SFPD uses Facebook for community alerts, info
May 7, 2010 8:34 PM
Police officers can usually be seen driving patrol cars, riding bikes, walking beats or even riding horses. But now, officers from the San Francisco Police Department can also be found updating their department's Facebook and Twitter pages.
The SFPD Media Relations office entered into the world of social networking in February, creating Facebook and Twitter profiles for the department to disseminate information to the online community about crimes, town hall meetings and other issues. Users who "follow" or "friend" the profiles can leave comments for officers and get updates sent directly to their accounts.
"Everyone has access to YouTube and Facebook and Twitter, and everybody texts and all that stuff," said SFPD spokesman Officer Albie Esparza. "So I think it's a good way for our department to kind of open up to the younger crowd that is more computer-savvy."
As of May 7, the department had 1,946 Facebook fans and 1,904 Twitter followers. The SFPD YouTube channel, used to share videos of press conferences and other footage, had 45,870 video views.
The SFPD isn't the only law enforcement agency to use online networks. Departments in Philadelphia, Houston and Chicago each have a Facebook or Twitter account. Even the FBI has joined in.
"A lot of people log on to Facebook a lot more than they would log on to our department's website, so it's great," Esparza said. As a police spokesman, Esparza has started promoting the websites during televised press statements.
"For example, if I gave an interview regarding an incident of a bank robbery I would say, 'If anyone has any information, they can give us a call at our confidential tip line or they can send us a comment via Facebook or Twitter.' It is an additional tool that we have in case anyone wants to talk to the police directly."
Officer Samson Chan, SFPD spokesman, is one of a handful of Media Relations officers who update and monitor the department's social networking pages. He said the Facebook page receives the most views and comments, some of which officers address directly.
"Recently we put up a crime bulletin about a serial bank robber who was putting a knife up to people's necks while robbing the banks," Chan said. "We put that up there so people know what's going on, and if they have any information they can contact us."

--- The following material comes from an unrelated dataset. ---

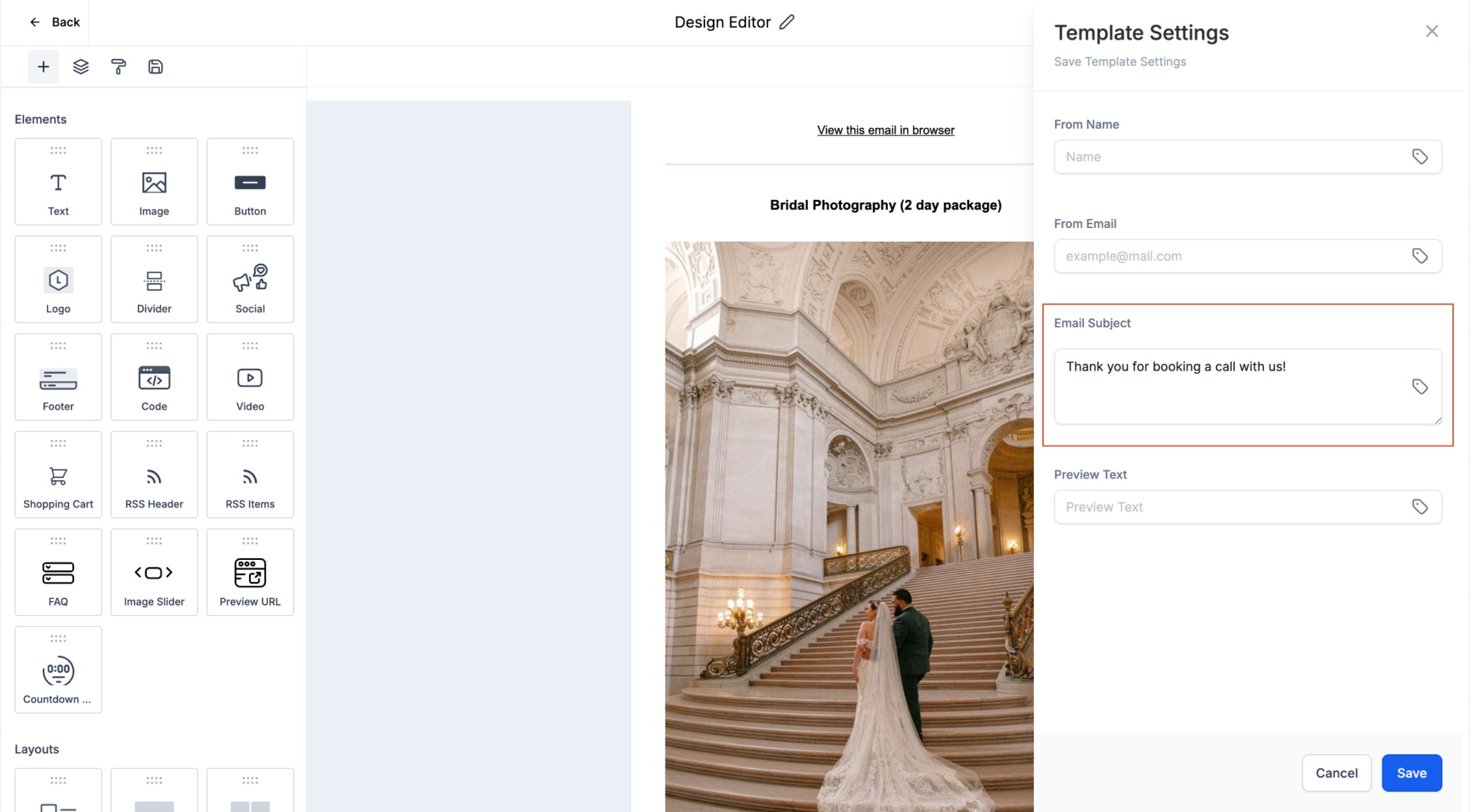 - You can create your email templates through the Email Builder in Marketing module > Emails > Templates.

Since that posting, a suspect in the robberies has been taken into custody. A follow-up about the arrest was met with dozens of comments, mostly congratulatory. One user wrote, "Awesome catch!!" another, "They don't catch the smart ones."
Chan said no crimes have yet been solved through tips made over Facebook.
"To get a tip, that would be very nice," he said. "I would say that would make it very rewarding. But even without getting a tip, I think it's still worthwhile because we're letting the public know what's going on in the city."
Emily Holtz, a 27-year-old business major , said she wasn't aware of SFPD's move to social networking but that after hearing about it, she probably wouldn't use it as a resource. Holtz only uses Facebook to keep in touch with friends. "And I'm not friends with the police department. No offense."
Holtz, who lived in San Francisco but recently moved to Emeryville, checks crime statistics when moving to a new neighborhood. She has used SFPD's official website for such information in the past, "but that's sort of it," she said. "I guess I'm not really too engaged in what's going on either here or there."
Rex Swindlehurst, a 23-year-old psychology major at SF State who has worked for the Santa Barbara Police Department, said he thinks that law enforcement agencies' participation in online communities could be a positive move.
"If it's for public relations and for tips, then it's fine," he said. "I feel that any connection with the public that a police department has is usually a beneficial one, but if it's more of a Big Brother, '1984'-type status, then it's definitely not a good thing."
Chan said that while he can't speak to whether or not police investigators use social networking for law enforcement, the Media Relations office uses such sites explicitly to share information, not to monitor peoples' online activity.
"We do absolutely no investigation of any of our fans," he said, chuckling. "I think your average Joe would think about that too, but this fan page is managed by our Media Relations unit and our job is just to get information out to the public."